Required action:
Return every record below exactly as given, images excluded.
Entries supplied START
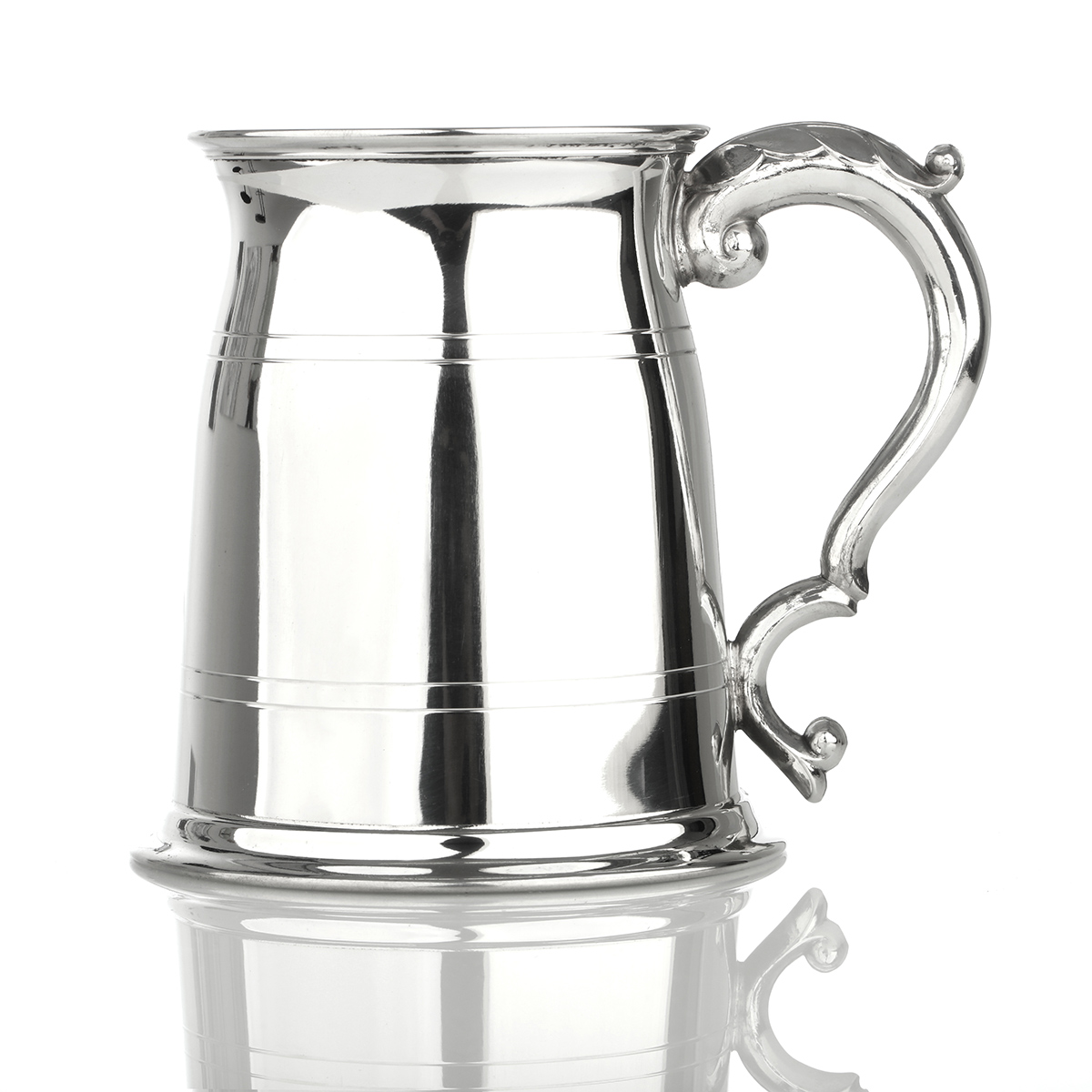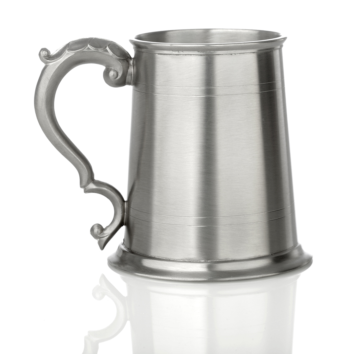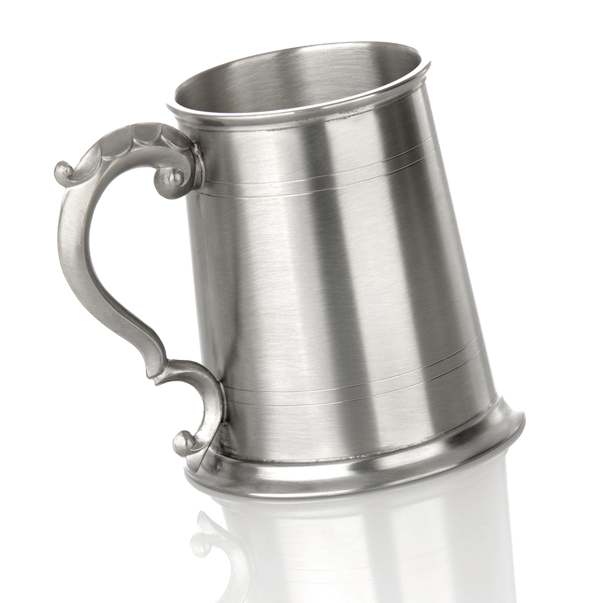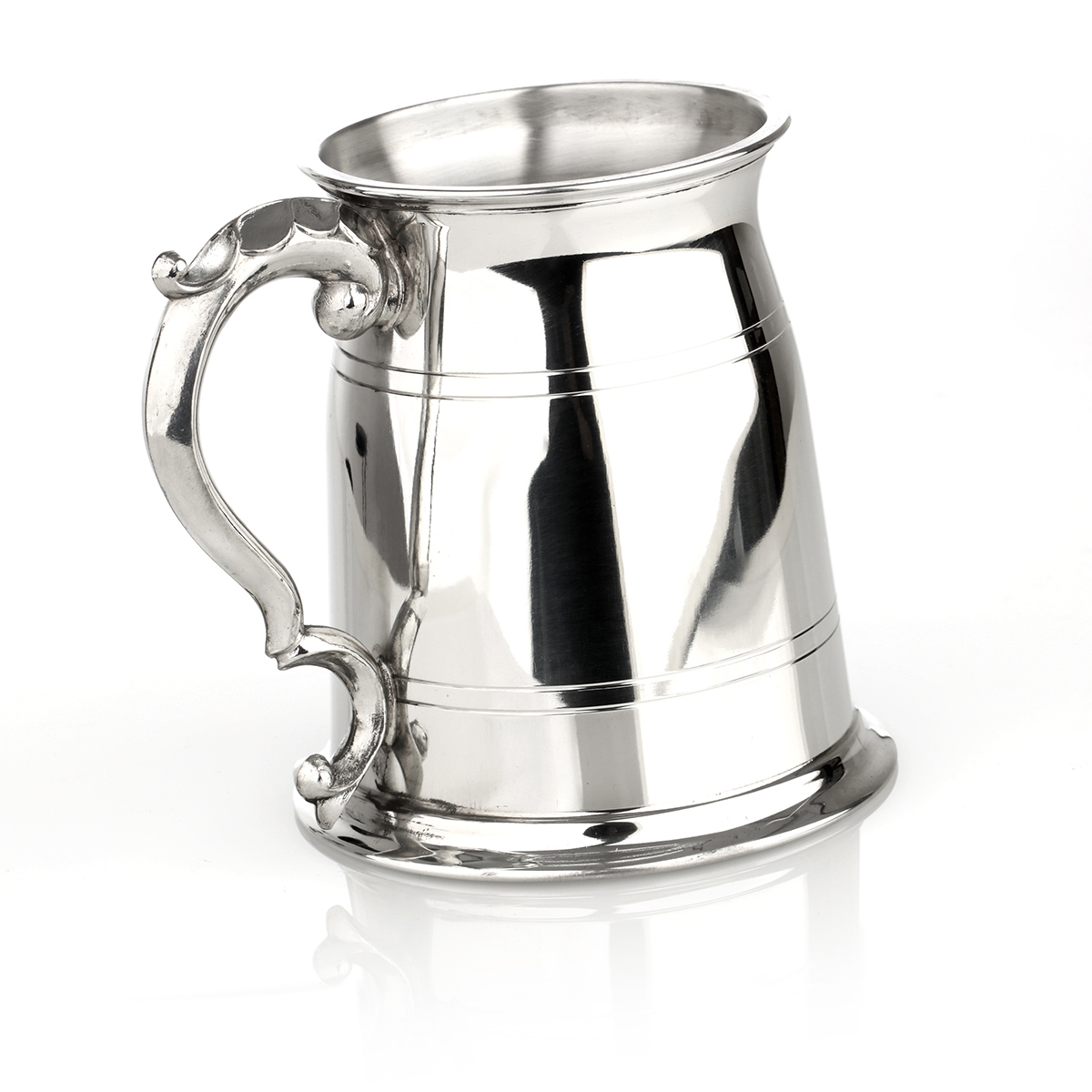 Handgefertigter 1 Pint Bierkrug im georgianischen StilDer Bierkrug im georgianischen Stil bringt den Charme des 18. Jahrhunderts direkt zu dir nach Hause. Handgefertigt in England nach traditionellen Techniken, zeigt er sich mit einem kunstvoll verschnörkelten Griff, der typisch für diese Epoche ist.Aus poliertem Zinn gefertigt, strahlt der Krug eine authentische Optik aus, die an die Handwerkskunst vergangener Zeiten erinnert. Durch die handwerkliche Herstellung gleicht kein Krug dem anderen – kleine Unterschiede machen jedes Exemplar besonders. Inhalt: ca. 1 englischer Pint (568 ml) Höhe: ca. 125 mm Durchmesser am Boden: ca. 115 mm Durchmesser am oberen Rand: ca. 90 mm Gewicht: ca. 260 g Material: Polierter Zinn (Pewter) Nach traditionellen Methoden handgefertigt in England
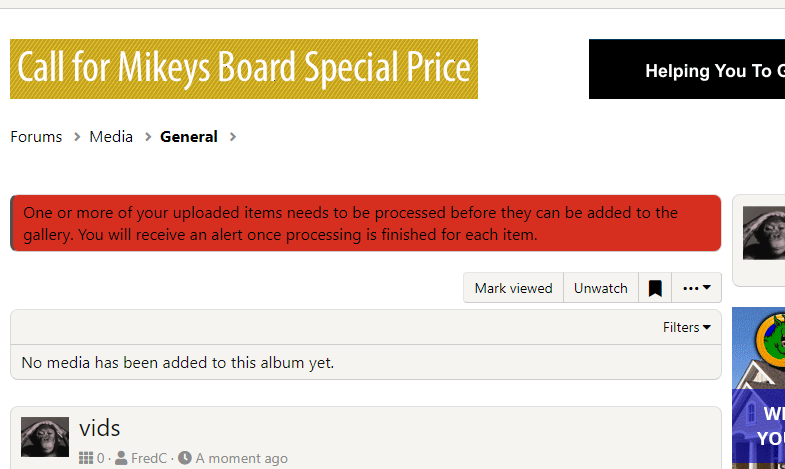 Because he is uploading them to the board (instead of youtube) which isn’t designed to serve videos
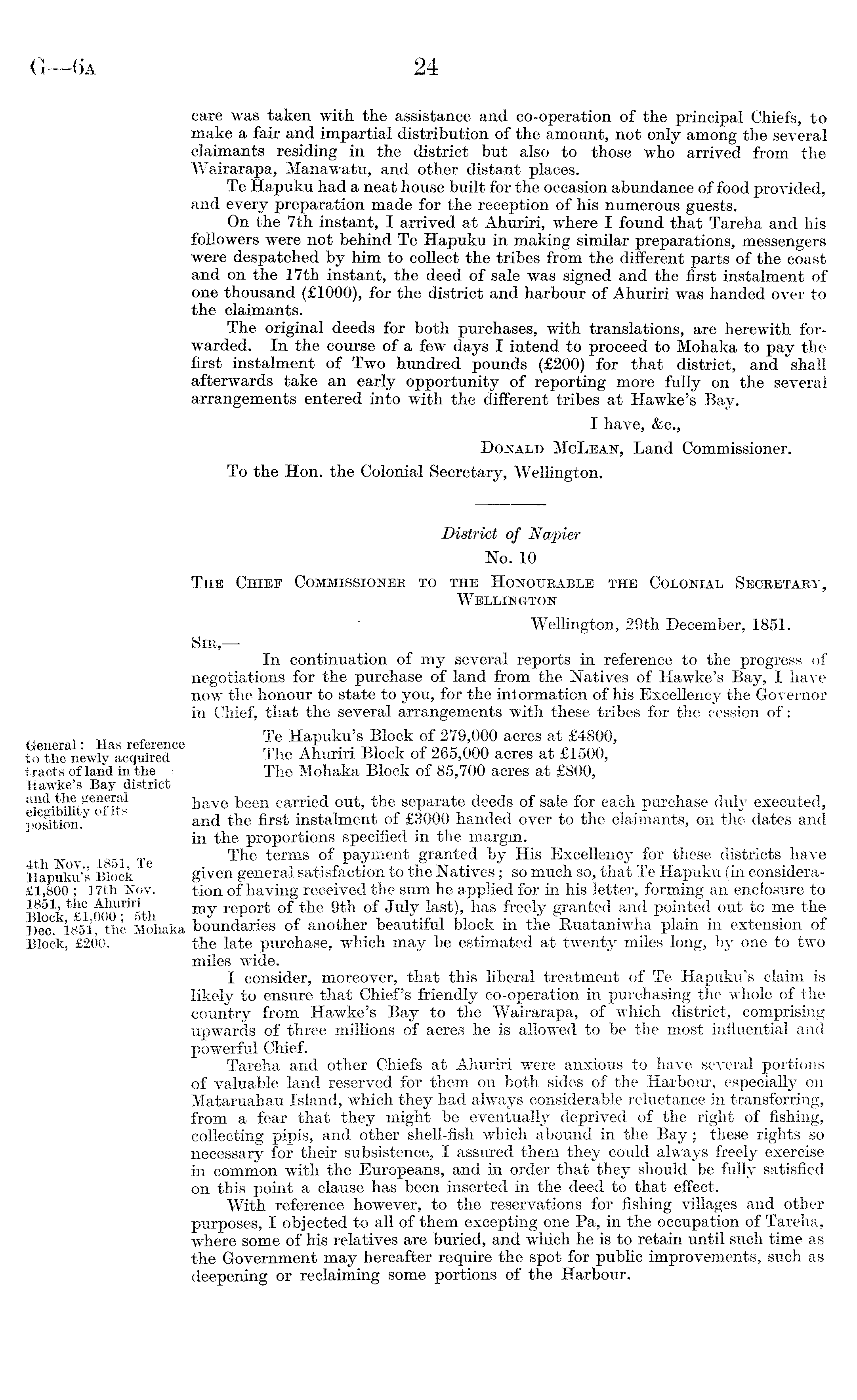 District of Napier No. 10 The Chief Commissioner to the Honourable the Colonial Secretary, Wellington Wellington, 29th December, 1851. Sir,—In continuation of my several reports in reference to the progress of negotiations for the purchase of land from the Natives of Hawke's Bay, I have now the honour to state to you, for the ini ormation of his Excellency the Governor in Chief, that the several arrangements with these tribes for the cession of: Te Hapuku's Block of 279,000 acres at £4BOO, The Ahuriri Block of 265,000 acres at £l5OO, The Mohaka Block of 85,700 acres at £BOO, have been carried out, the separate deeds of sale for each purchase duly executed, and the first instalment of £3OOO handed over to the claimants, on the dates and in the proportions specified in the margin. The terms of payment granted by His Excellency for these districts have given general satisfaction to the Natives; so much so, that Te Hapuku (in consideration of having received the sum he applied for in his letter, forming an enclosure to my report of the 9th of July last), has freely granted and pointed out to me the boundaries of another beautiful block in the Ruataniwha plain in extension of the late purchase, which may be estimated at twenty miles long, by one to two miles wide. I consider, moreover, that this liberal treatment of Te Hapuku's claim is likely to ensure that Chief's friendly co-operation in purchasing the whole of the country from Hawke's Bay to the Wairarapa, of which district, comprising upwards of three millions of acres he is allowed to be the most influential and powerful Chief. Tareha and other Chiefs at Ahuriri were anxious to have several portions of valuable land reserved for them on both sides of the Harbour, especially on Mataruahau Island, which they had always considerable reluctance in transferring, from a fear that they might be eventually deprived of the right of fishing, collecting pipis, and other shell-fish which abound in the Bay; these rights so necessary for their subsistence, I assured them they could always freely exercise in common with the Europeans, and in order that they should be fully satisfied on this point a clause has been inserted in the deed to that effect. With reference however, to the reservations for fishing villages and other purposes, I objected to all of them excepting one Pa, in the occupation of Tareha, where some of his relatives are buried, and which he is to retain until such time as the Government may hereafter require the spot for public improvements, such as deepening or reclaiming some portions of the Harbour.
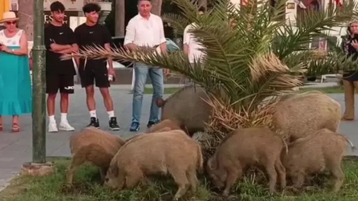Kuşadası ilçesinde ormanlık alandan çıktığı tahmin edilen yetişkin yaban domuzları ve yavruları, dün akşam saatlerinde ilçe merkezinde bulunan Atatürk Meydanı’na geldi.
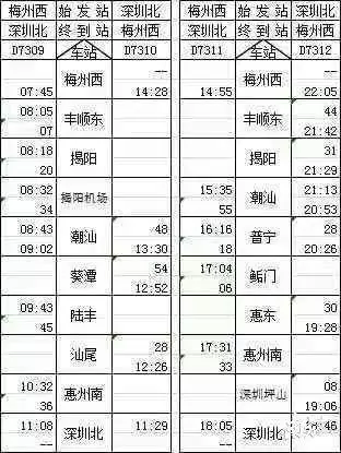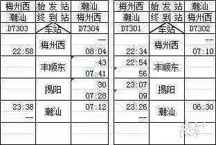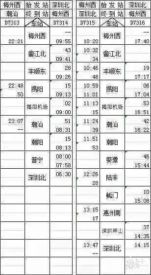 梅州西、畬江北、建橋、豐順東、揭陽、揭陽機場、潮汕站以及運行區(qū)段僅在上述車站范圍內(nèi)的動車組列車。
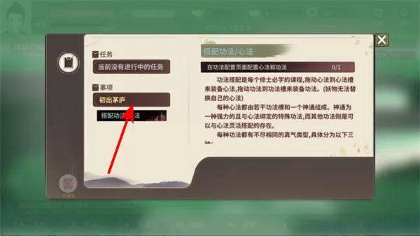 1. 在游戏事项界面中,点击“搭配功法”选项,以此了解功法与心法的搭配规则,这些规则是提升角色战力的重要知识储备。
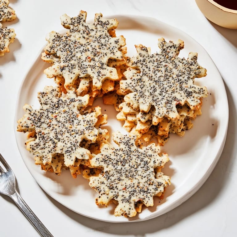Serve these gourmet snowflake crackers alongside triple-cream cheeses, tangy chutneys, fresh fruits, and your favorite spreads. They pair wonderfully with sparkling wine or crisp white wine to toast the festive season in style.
Entries supplied END
Your solution:
 Handgefertigter 1 Pint Bierkrug im georgianischen StilDer Bierkrug im georgianischen Stil bringt den Charme des 18. Jahrhunderts direkt zu dir nach Hause. Handgefertigt in England nach traditionellen Techniken, zeigt er sich mit einem kunstvoll verschnörkelten Griff, der typisch für diese Epoche ist.Aus poliertem Zinn gefertigt, strahlt der Krug eine authentische Optik aus, die an die Handwerkskunst vergangener Zeiten erinnert. Durch die handwerkliche Herstellung gleicht kein Krug dem anderen – kleine Unterschiede machen jedes Exemplar besonders. Inhalt: ca. 1 englischer Pint (568 ml) Höhe: ca. 125 mm Durchmesser am Boden: ca. 115 mm Durchmesser am oberen Rand: ca. 90 mm Gewicht: ca. 260 g Material: Polierter Zinn (Pewter) Nach traditionellen Methoden handgefertigt in England
 Because he is uploading them to the board (instead of youtube) which isn’t designed to serve videos
 District of Napier No. 10 The Chief Commissioner to the Honourable the Colonial Secretary, Wellington Wellington, 29th December, 1851. Sir,—In continuation of my several reports in reference to the progress of negotiations for the purchase of land from the Natives of Hawke's Bay, I have now the honour to state to you, for the ini ormation of his Excellency the Governor in Chief, that the several arrangements with these tribes for the cession of: Te Hapuku's Block of 279,000 acres at £4BOO, The Ahuriri Block of 265,000 acres at £l5OO, The Mohaka Block of 85,700 acres at £BOO, have been carried out, the separate deeds of sale for each purchase duly executed, and the first instalment of £3OOO handed over to the claimants, on the dates and in the proportions specified in the margin. The terms of payment granted by His Excellency for these districts have given general satisfaction to the Natives; so much so, that Te Hapuku (in consideration of having received the sum he applied for in his letter, forming an enclosure to my report of the 9th of July last), has freely granted and pointed out to me the boundaries of another beautiful block in the Ruataniwha plain in extension of the late purchase, which may be estimated at twenty miles long, by one to two miles wide. I consider, moreover, that this liberal treatment of Te Hapuku's claim is likely to ensure that Chief's friendly co-operation in purchasing the whole of the country from Hawke's Bay to the Wairarapa, of which district, comprising upwards of three millions of acres he is allowed to be the most influential and powerful Chief. Tareha and other Chiefs at Ahuriri were anxious to have several portions of valuable land reserved for them on both sides of the Harbour, especially on Mataruahau Island, which they had always considerable reluctance in transferring, from a fear that they might be eventually deprived of the right of fishing, collecting pipis, and other shell-fish which abound in the Bay; these rights so necessary for their subsistence, I assured them they could always freely exercise in common with the Europeans, and in order that they should be fully satisfied on this point a clause has been inserted in the deed to that effect. With reference however, to the reservations for fishing villages and other purposes, I objected to all of them excepting one Pa, in the occupation of Tareha, where some of his relatives are buried, and which he is to retain until such time as the Government may hereafter require the spot for public improvements, such as deepening or reclaiming some portions of the Harbour.
Kuşadası ilçesinde ormanlık alandan çıktığı tahmin edilen yetişkin yaban domuzları ve yavruları, dün akşam saatlerinde ilçe merkezinde bulunan Atatürk Meydanı’na geldi.
 梅州西、畬江北、建橋、豐順東、揭陽、揭陽機場、潮汕站以及運行區(qū)段僅在上述車站范圍內(nèi)的動車組列車。
 1. 在游戏事项界面中,点击“搭配功法”选项,以此了解功法与心法的搭配规则,这些规则是提升角色战力的重要知识储备。
Serve these gourmet snowflake crackers alongside triple-cream cheeses, tangy chutneys, fresh fruits, and your favorite spreads. They pair wonderfully with sparkling wine or crisp white wine to toast the festive season in style.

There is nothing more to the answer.